Dans l’espace Cedeao, le président sénégalais vient de renforcer le camp des démocraties. Nombre d’observateurs se préoccupaient de certaines déclarations de Macky Sall, qui critiquait la limitation du nombre de mandats qu’un président devrait exercer, ne lui permettant d’assurer la réalisation de programmes qu’il a initiés. Pour l’un d’entre eux, « j’étais sûr que Macky Sall allait faire comme Alpha Condé en Guinée ou surtout Alassane Ouattara en Côte d’Ivoire. Le Sénégal, c’est vrai, n’est ni la Guinée ni la Côte d’Ivoire. Son armée et ses forces paramilitaires sont républicaines. Figurez-vous les centaines de morts que les manifestations appelées par l’opposant Ousmane Sonko et ses partisans auraient pu causer…« .

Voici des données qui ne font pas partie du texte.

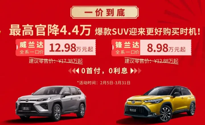 小鹏汽车也不甘示弱,推出“5年0首付0利息”购车政策,覆盖多款车型,至高贴息57000元。而广汽丰田在2025年新春开工的第一天就宣布了威兰达和锋兰达的全系一口价政策,锋兰达一口价8.98万元起,威兰达一口价12.98万元起,最高优惠幅度达到4.4万元。

Macky Sall a rappelé : « j’avais dit en 2019 que mon mandat de 2019 est mon dernier mandat. Je respecte les Sénégalais et je reste digne de ce que j’avais dit » , et indiqué : « J’ai un code d’honneur et un sens de la responsabilité qui me commandent de préserver ma dignité et ma parole (…) J’ai une claire conscience et mémoire de ce que j’ai dit et écrit », et souligné que « le Sénégal dépasse ma personne et il est rempli de leaders capables de pousser le pays vers l’émergence (…) Mes priorités portaient surtout sur la gestion d’un pays, d’une équipe gouvernementale cohérente, et engagée dans l’action pour l’émergence, surtout dans un contexte socio-économique difficile et incertain ».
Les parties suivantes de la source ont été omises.